Vous étiez 36 dans le camion de la mort, qui vous a transportés de Battambang à S-21. Vous vous étiez fait une promesse : celui qui survivra, témoignera. Cette promesse, tu l'as tenue, non seulement pour tes 35 compagnons mais aussi pour les 12 380 victimes officielles et pour toutes celles qui n'ont pas laissé de traces. Tu as rendu aux morts leur histoire. Ils ne sont plus des nombres et des statistiques que l'on cite dans les livres et les journaux.
 Quand d'autres ont déclaré qu'il fallait fermer S-21, tu t'y es farouchement opposé.
Tu as toujours eu peur que l'existence de S-21 soit remise en cause, et que les jeunes générations ne sachent qui vous étiez. C'est pour ça que tu as accepté de travailler avec moi pendant plus de vingt ans. Nous avons gagné cette bataille.
Ce qui est terrible, c'est que tu ne connaîtras pas la condamnation finale de Duch [l'ancien directeur de S-21, condamné en première instance par le tribunal des Khmers rouges mais dont le jugement en appel n'a toujours pas été rendu]. Cette justice-là ne te mérite pas. Elle traîne, elle soigne les bourreaux mais elle oublie les victimes. Tu as pourtant toujours servi la justice. La seule chose qui t'importait était de témoigner. Tu n'étais pas partie civile contre Duch car rien, à tes yeux, n'aurait jamais pu réparer le mal qui avait été fait. Et tu ignorais le sentiment de vengeance. Tu voulais raconter. Tu maîtrisais parfaitement l'idéologie de S-21, tu avais une analyse sur la situation extrême que tu avais vécue.
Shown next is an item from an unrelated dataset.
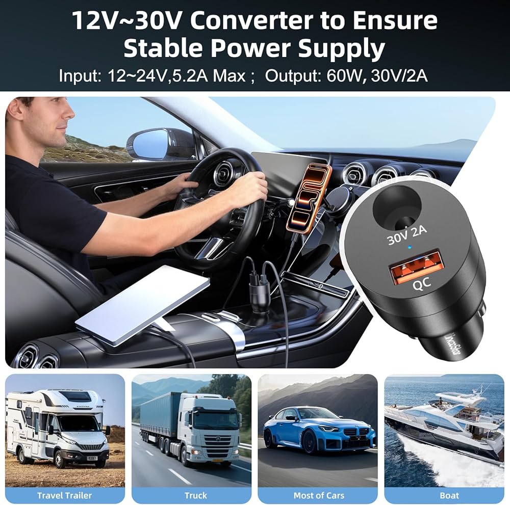[ Stable 12V/24V to 30V Boost for Long Cable Runs ] The starlink mini power car adapter features advanced step-up conversion technology, providing convert any 12V/24V cigarette lighter adapter to stable 30V/2A output. Auto-voltage stabilization, ensuring safe operation of your starlink mini even extreme conditions (-20°C to 60°C). This starlink mini 12V adapter reliably powers official cables up to 50 meters (164ft) with minimal voltage drop, ensuring uninterrupted connectivity. (Note: Ensure your cigarette lighter socket supports at least 144W output (12V/12A) ).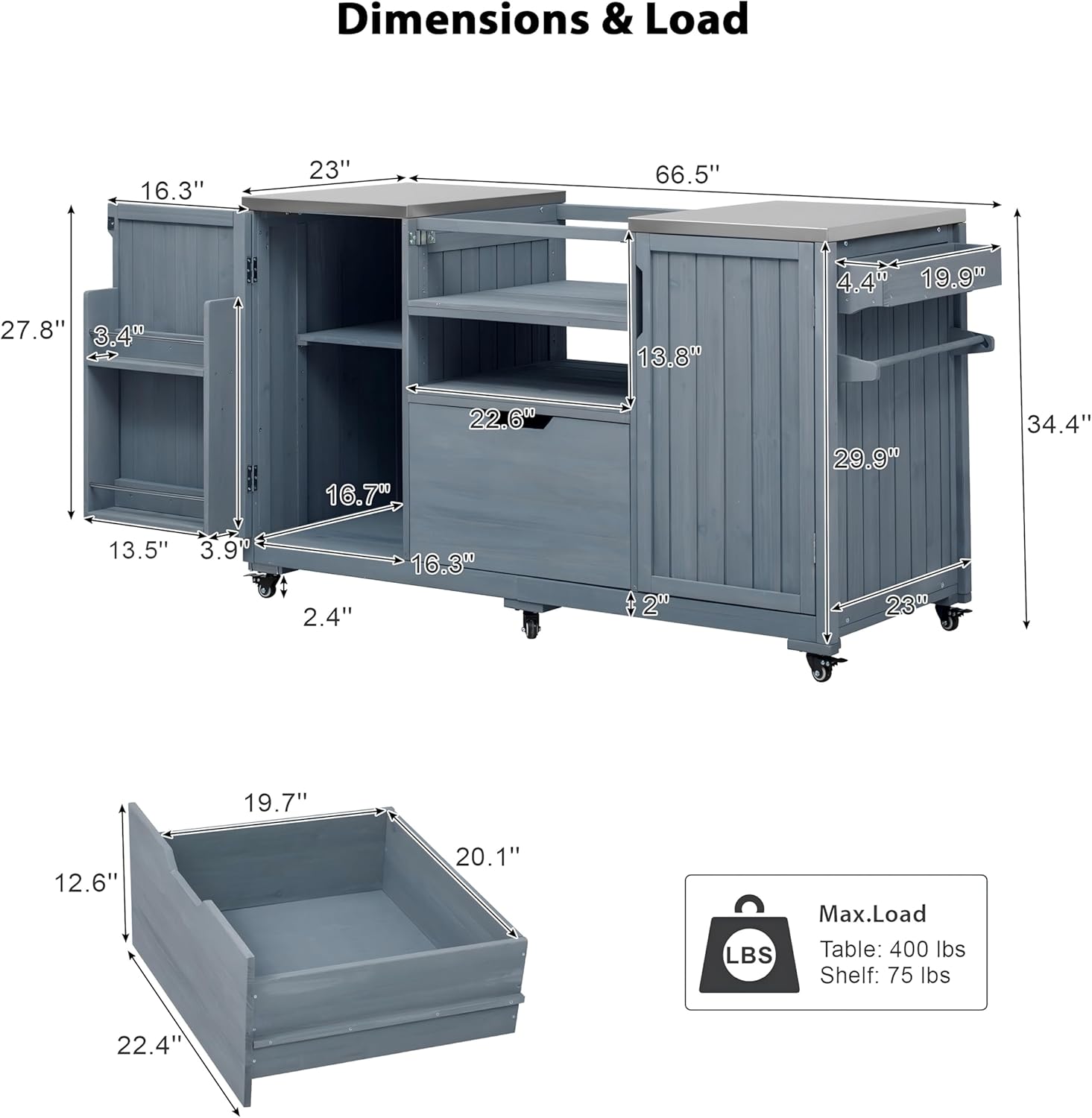 Merax 66.5" Outdoor Grill Table for Big Green Egg, Farmhouse Kitchen Island on Wheels with Stainless Steel Tabletop, Drawer and Spice Rack, Solid Wood Outdoor Storage Cabinet for Backyard, Grey Blue

Il te fallait témoigner et témoigner encore pour rétablir la vérité ; tu étais convaincu que cela suffirait à les condamner. 
Nath, tu incarnais pour nous tous le mot dignité.
Ton témoignage va au-delà du drame cambodgien, il appartient à l'histoire de l'humanité. Sa portée est universelle. Elle pose une question centrale sur l'homme et ses responsabilités.
Aujourd'hui, nous voilà orphelins de ta sagesse.
 Mais tu es parti en laissant des empreintes profondes : des œuvres, des paroles, des conseils, des souvenirs.
Et tu visites nos rêves. Ton esprit nous accompagne. Nous ne t'oublierons jamais.
 Mais nous ne sommes pas seuls. Des milliers d'âmes t'attendent, dont tu as défendu la mémoire toute ta vie.
Le temps est venu pour elles aussi de te rendre les honneurs.